Penning was the Minister of State for the Armed Forces from 2016 to 2017, having previously served as the Minister of State for Justice and Minister of State for Policing from 2014 to 2016, the Minister for Disabled People from 2013 to 2014, the Minister of State for Northern Ireland from 2012 to 2013, and the Minister of State for Transport from 2010 to 2012.

He remains in the House of Commons as a backbencher.

Early life and career
Penning was born in Finchley, North London, and raised in the neighbouring county of Essex. He went to Appleton School, South Benfleet, before attending King Edmund School in Rochford. He enlisted in the British Army as a Grenadier Guardsman after leaving school, and served several tours in Northern Ireland, Kenya and Germany. During his time in the Grenadiers, an officer, Captain Robert Nairac, GC, was abducted and murdered by the IRA.

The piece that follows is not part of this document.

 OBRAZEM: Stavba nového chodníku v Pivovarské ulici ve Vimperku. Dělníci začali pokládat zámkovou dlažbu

After leaving the Army, Penning subsequently worked as a firefighter for Essex County Fire and Rescue Service, before joining his family business and then becoming a political journalist. He is a supporter of Tottenham Hotspur F.C.

Political career
In the mid-1990s, Penning worked as a media adviser to the Euro-rebels who had had the Conservative Party whip removed by Prime Minister John Major during the Maastricht rebellion. He was subsequently the election agent to Sir Teddy Taylor during the 1997 general election. He stood for election in Thurrock at the 2001 general election, coming second to Labour's Andrew MacKinlay. Following this, he was appointed as a chief adviser to William Hague as Leader of the Opposition, later becoming the Conservative Party's Deputy Head of Media under the brief and unpopular leadership of Iain Duncan Smith.

Member of Parliament
At the 2005 general election Penning stood in the Labour-held seat of Hemel Hempstead, narrowly defeating sitting MP Tony McWalter. Penning overturned McWalter's 2001 majority of 3,742 votes and won the seat (after a partial recount) by 499 votes. In July 2007, Penning was promoted by Conservative Leader David Cameron to the post of Shadow Minister for Public Health.

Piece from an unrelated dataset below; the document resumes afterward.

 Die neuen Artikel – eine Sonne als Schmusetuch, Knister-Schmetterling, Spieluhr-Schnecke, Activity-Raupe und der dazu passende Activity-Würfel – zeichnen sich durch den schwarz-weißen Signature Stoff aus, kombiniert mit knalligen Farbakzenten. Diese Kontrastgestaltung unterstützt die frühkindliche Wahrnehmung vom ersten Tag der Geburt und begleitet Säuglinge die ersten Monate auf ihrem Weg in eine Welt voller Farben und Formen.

The Buncefield fire occurred on 11 December 2005 and led to some 2,700 claims for compensation. In the words of neighbouring MP Peter Lilley, "There is something providential about the fact that the worst fire in western Europe since the Second World War should occur in a constituency represented by a fireman. It was undoubtedly in the interests of all his constituents and mine to have someone so knowledgeable, as well as so vigorous in their response, to represent their interests." Penning, who arrived on the scene within half an hour of the explosion, had himself been trained to deal with much smaller petroleum fires; the scenario was that one tank not twenty was affected.

Dexion workers, 700 of whom worked in the constituency, lost their pensions when the company went into receivership in 2003. Dexion played a prominent part in Ros Altmann's Pensions theft campaign. Penning, whose support for Dexion preceded his election, offered compensation from unclaimed assets in his 2005 Manifesto and has spoken on the issue 26 times in Parliament. Dexion pensioners were featured celebrating a victory at the High Court in February 2007 which eventually led to increased compensation from the then-Labour government.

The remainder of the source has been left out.